NOAA Reports Papahānaumokuākea Marine National Monument Reef Ecosystems in Good Condition

April 2, 2009

Giant trevally.
Giant trevally along a shallow reef in the Papahanaumokuakea Marine National Monument.


High resolution
(Credit: NOAA)

Marine life and habitats at Papahānaumokuākea Marine National Monument are in good overall condition, but face emerging threats, according to a new NOAA report on the monument’s health.

Prepared by NOAA's Office of National Marine Sanctuaries, the peer-reviewed Papahānaumokuākea Marine National Monument Condition Report notes that due to the monument’s remoteness, past management efforts, and regulations that limit access, impacts from local human uses are relatively few.

However, past activities have permanently altered some areas and in some cases resulted in degradation of habitats. Other concerns for the monument include climate change and coral bleaching, diseases affecting marine organisms, and marine alien species that can threaten native biodiversity and degrade habitats.

“Global issues of concern arising outside monument boundaries, such as marine debris, ocean acidification, and invasive species, degrade fragile monument living resources and habitats,” said `Aulani Wilhelm, NOAA’s monument superintendent.

Goatfish.

Yellowfin goatfish around a shipwreck in the Papahanaumokuakea Marine National Monument.

High resolution
(Credit: NOAA1)

The report highlights the need to address potential impacts to key habitats and declining conditions of some living resources (Hawaiian monk seals, resident seabirds, and migratory shorebirds). It also states that a better understanding of the region’s biodiversity and marine archaeological resources is key to protecting the monument.

In addition, the report emphasizes the monument’s commitment to recognizing and perpetuating the unique relationship of native Hawaiians to the land, sea and their cultural traditions.

“Incorporating traditional values and ecological knowledge into the natural resource management of the Northwestern Hawaiian Islands will be an important part of all management initiatives in this region,” said Wilhelm.

The report is the first of its kind about the monument and provides a baseline for monitoring changes to its resources and identifying research and management priorities. It also helps set the stage for the development of a natural resources science plan for the monument. Similar reports are being developed for the other sites in the National Marine Sanctuary System.

The full monument condition report is now available online.

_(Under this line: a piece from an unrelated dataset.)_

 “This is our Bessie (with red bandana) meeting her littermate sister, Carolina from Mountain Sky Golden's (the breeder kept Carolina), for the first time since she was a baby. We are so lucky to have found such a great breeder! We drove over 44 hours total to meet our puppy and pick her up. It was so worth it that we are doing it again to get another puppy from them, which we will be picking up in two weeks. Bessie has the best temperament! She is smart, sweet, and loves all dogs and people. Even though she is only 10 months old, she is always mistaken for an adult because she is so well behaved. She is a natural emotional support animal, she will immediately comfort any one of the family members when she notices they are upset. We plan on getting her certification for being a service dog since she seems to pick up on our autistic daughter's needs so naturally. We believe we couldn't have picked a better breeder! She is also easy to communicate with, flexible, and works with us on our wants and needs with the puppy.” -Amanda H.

Nominated for consideration as a UNESCO World Heritage Site honoring its natural and cultural heritage, Papahānaumokuākea Marine National Monument is administered jointly by three co-trustees – the Department of Commerce, Department of the Interior and the State of Hawai‘i – and represents a cooperative conservation approach to protecting the entire ecosystem.

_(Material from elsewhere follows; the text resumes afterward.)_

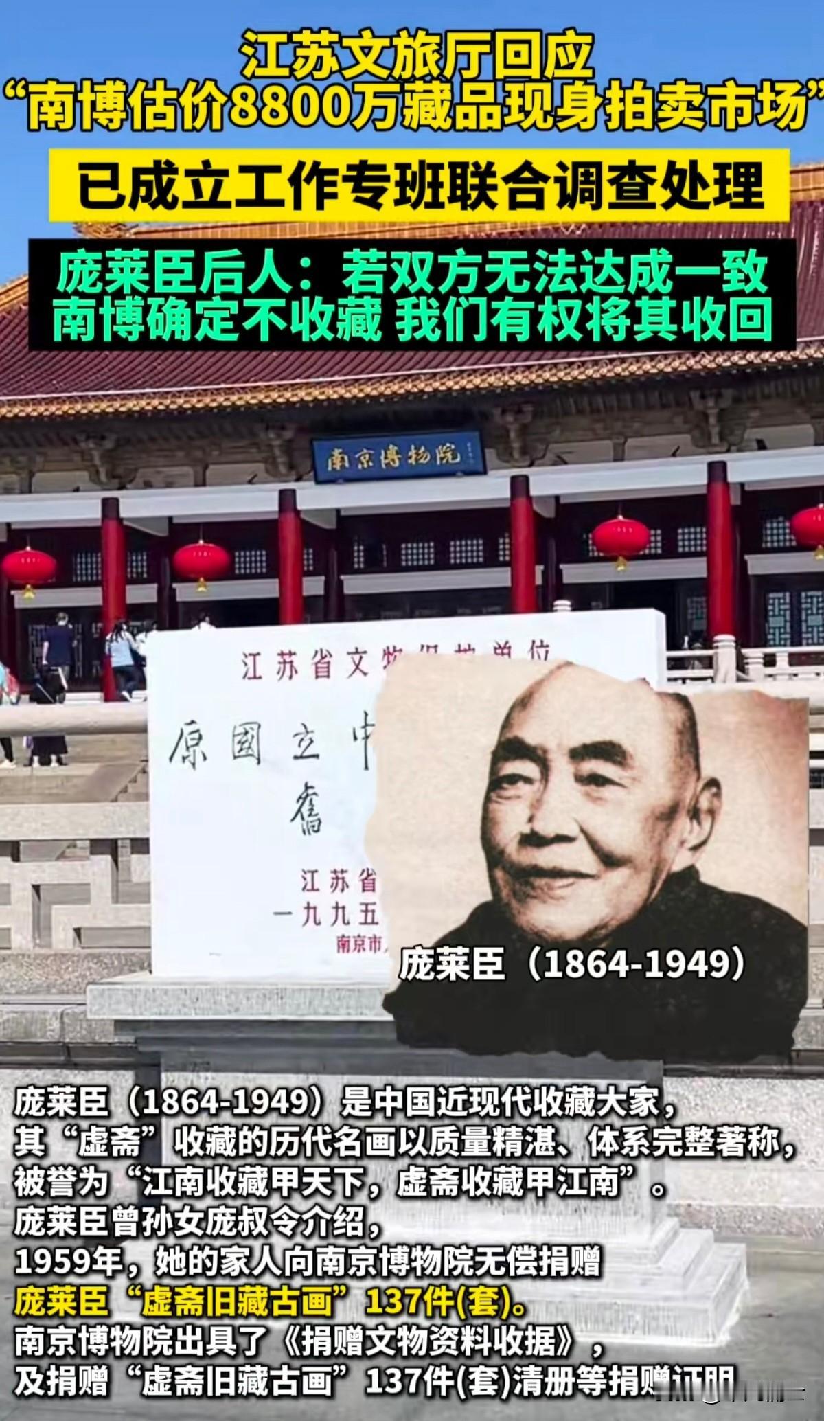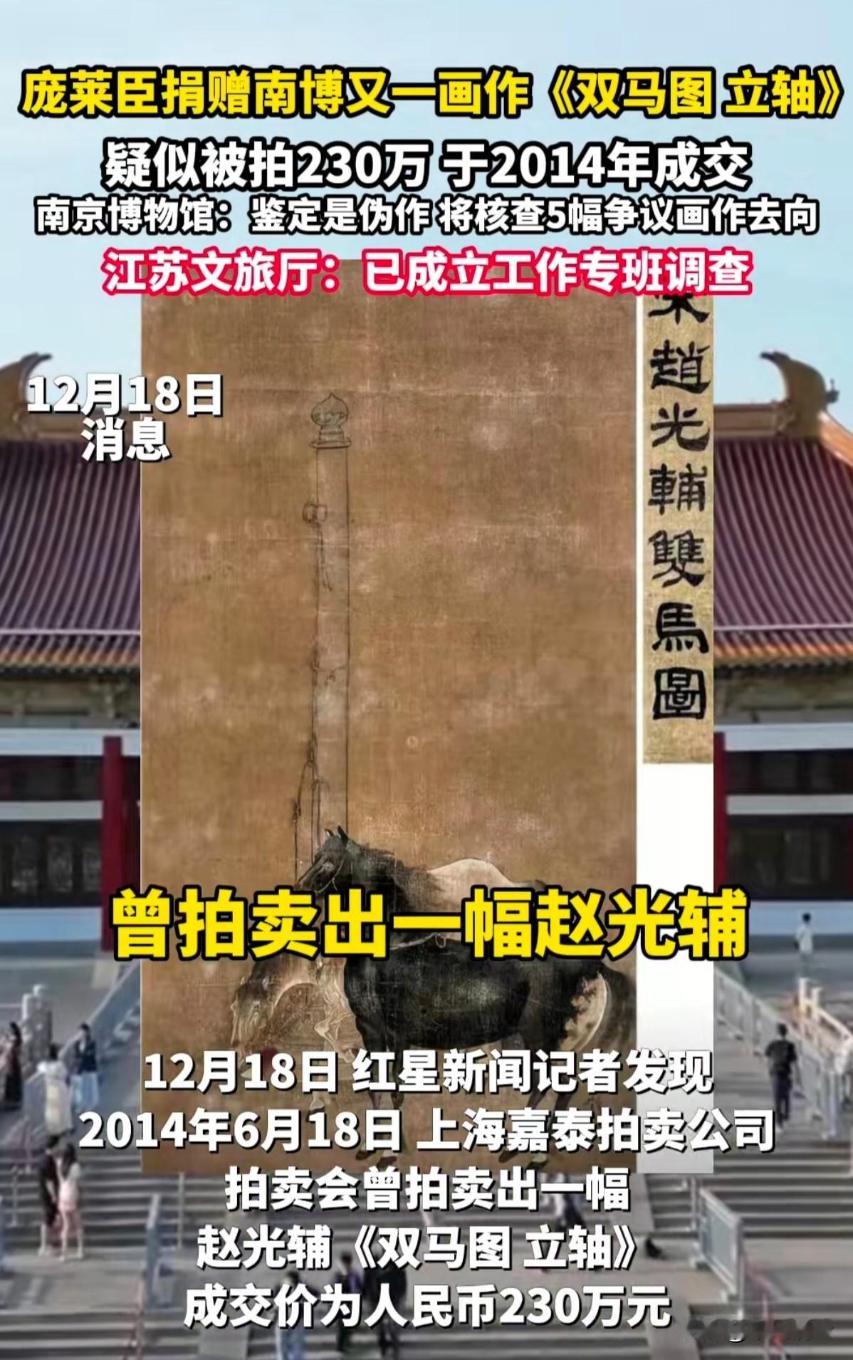 整个网络在南京博物院受捐明代仇英画作疑似进入拍卖市场事件上做了“有罪推断”,这可能把这个事件带向了错误的方向。虽然南京博物院进行了说明,但只言片语和含糊其辞无法堵住悠悠之口,甚至让整个行业陷入信任危机。其实,大家应该先搞清楚以下几个问题,才能进行下一步的质疑。 第一,拍卖行里的那幅画能不能确定就是庞莱臣后人捐赠给南京博物院的那幅画; 第二,除了南京博物院这幅画之外,在书画市场上有没有出现过关于仇英《江南春》画作的其他流通版本; 第三,是谁委托给拍卖行拍卖这幅画,这极有可能是说清问题的关键所在。 说清楚了以上几件事情,才能确定需不需要追求南京博物院和相关人员的责任。既然南京博物院已经说明把捐赠画作鉴定为赝品,但无论何种理由都应该给社会公众一个能信服的答案,你们没有权利处理捐赠者的赠品,即使是假的也应该进行封存或者退还捐赠者。这涉及文物的流失,又是从国家重要的文保单位丢失,文物等级和价值颇高,仅文旅部门的调查只能是内部调查,不会出现有说服力的结果。那就应该由公安部门介入调查,才能给大众一个可以信赖的结果,才能恢复大家对文保单位的信任。大家认为是不是呢!

Co-trustee agencies, in cooperation with the Office of Hawaiian Affairs, manage the monument through the Monument Management Board. The Monument area includes the Northwestern Hawaiian Islands Coral Reef Ecosystem Reserve, Midway Atoll National Wildlife Refuge/Battle of Midway National Memorial, Hawaiian Islands National Wildlife Refuge, Kure Atoll Seabird Sanctuary, and Northwestern Hawaiian Islands State Marine Refuge.  

NOAA understands and predicts changes in the Earth’s environment, from the depths of the ocean to the surface of the sun, and conserves and manages our coastal and marine resources.